> [Work order] Starting at the first line of the entries below, please return exactly each line up to and including the one with "STEP 1B. The"; pictures stay out.

[Items from a dataset]
□ □ □ □

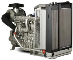
PERKINS Engine 1106A-70TAG4
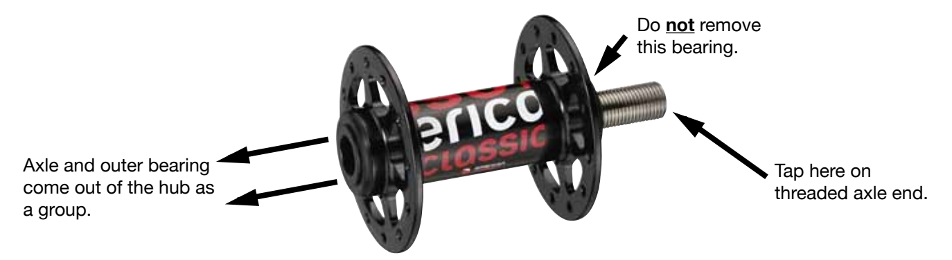
STEP 1B. The new axle includes a bearing, you may throw out the fixed axle and used bearing. Go to STEP 3.

STEP 1A. If you have a hub with a bolt that does <u>not</u> retract, follow this step. Remove the fixed style axle by tapping the end of the threaded axle with a wood block or rubber mallet until the axle and bearing come out of the hub.
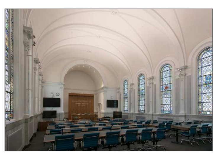
WASHINGTON COLLEGE OF LAW FIRM: SMITH GROUP JJR

Cellulose fibers may be fully recovered and reused on site, leaving virtually no excess material to return to the waste stream.
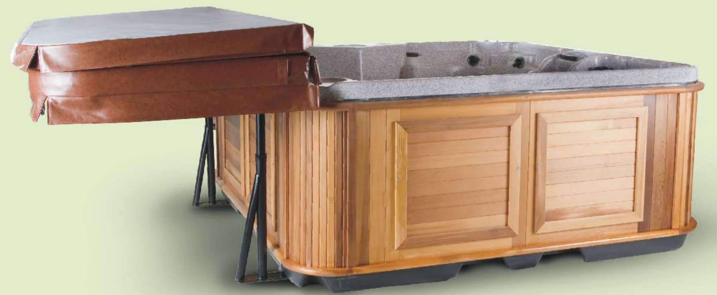
Cabinet Free Cover Shelf
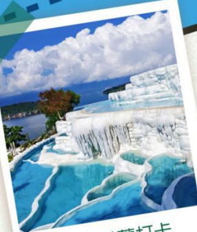
麗江推薦打卡 白水臺 FASHIONABLE TRAVEL
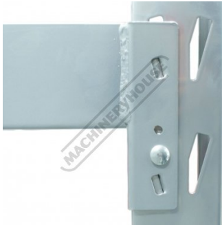
External Shelf Locking System
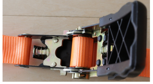
Step 6 Open ratchet until stop to wind strap
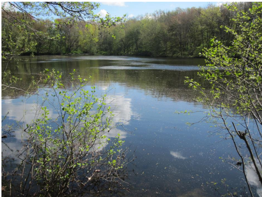
Perry's Mill Pond Open Space

The State of Connecticut's "Green Plan" established a goal to protect 673,210 acres (21%) of the state's land as open space by the year 2023. Ten percent of this open space is to be State parks, forests and wildlife areas. The other 11% is to be owned by Towns, private non-profit land conservation organizations, water companies, and the federal government.
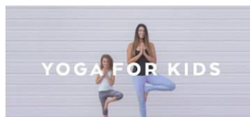
Free Kids Yoga & Meditation from Alo Gives
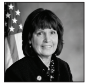
Rep. Betty McCollum (D-MN)
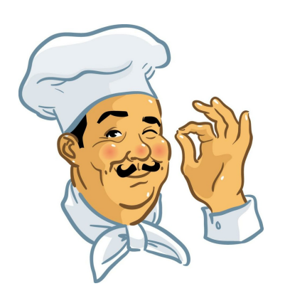
Gumbo Cook-Off Winners

□ □ □ □

> [Written solution]
PERKINS Engine 1106A-70TAG4
STEP 1B. The new axle includes a bearing, you may throw out the fixed axle and used bearing. Go to STEP 3.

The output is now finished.